----- Given information
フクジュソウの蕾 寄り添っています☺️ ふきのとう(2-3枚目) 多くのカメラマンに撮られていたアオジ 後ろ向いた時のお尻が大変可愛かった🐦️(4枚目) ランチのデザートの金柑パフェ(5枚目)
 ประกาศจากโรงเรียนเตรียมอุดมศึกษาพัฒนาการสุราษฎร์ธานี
----------
----- Given information
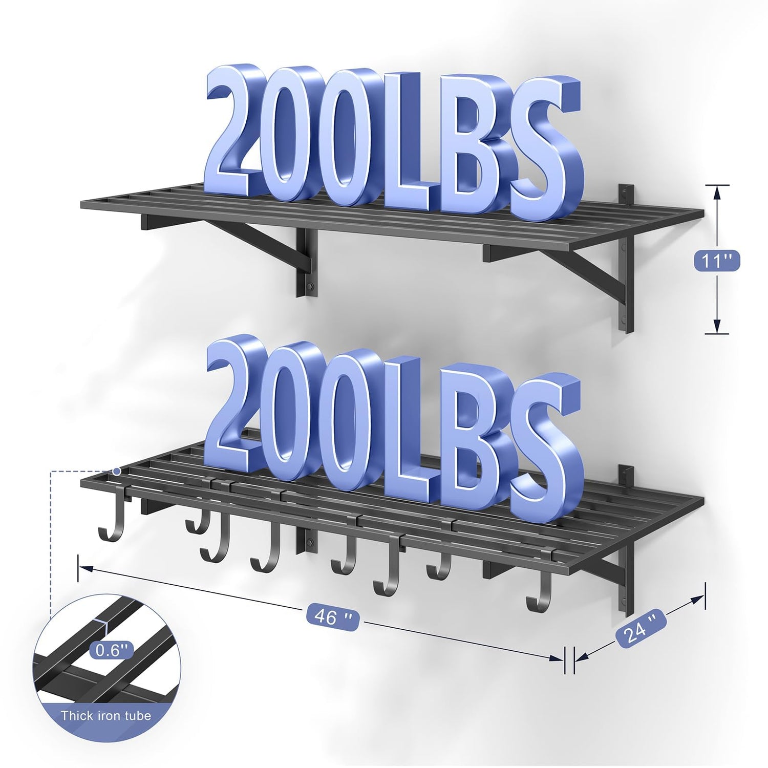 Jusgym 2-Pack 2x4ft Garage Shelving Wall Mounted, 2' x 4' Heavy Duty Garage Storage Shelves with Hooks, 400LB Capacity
----------
----- Given information
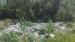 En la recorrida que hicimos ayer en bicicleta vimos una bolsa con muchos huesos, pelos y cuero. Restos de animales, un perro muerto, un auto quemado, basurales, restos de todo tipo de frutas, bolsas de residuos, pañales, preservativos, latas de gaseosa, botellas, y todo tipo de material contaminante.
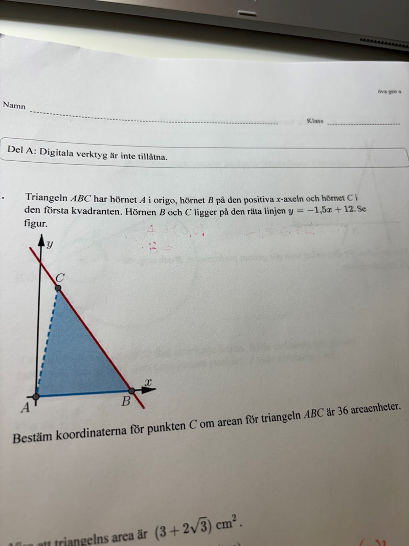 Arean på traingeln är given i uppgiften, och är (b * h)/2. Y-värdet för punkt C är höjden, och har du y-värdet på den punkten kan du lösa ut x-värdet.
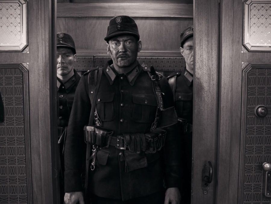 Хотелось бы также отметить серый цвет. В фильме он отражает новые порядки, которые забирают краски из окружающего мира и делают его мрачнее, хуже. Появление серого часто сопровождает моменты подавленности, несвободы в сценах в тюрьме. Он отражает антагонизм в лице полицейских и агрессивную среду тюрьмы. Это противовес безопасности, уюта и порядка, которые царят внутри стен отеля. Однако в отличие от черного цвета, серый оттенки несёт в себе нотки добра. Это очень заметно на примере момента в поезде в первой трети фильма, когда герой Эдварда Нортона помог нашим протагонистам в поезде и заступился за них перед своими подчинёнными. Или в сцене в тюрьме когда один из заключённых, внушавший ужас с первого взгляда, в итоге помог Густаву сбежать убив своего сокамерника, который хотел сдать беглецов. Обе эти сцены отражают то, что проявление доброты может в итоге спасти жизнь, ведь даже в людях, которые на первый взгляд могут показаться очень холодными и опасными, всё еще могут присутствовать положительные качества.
----------
- What you need to do
Taking the entries above, restate exactly those lines that fall between the line with "フクジュソウの蕾 寄り添っています☺️ ふきのとう(2-3枚目)" and the line with "ประกาศจากโรงเร", keeping both of those lines too.

- Solution below
フクジュソウの蕾 寄り添っています☺️ ふきのとう(2-3枚目) 多くのカメラマンに撮られていたアオジ 後ろ向いた時のお尻が大変可愛かった🐦️(4枚目) ランチのデザートの金柑パフェ(5枚目)
 ประกาศจากโรงเรียนเตรียมอุดมศึกษาพัฒนาการสุราษฎร์ธานี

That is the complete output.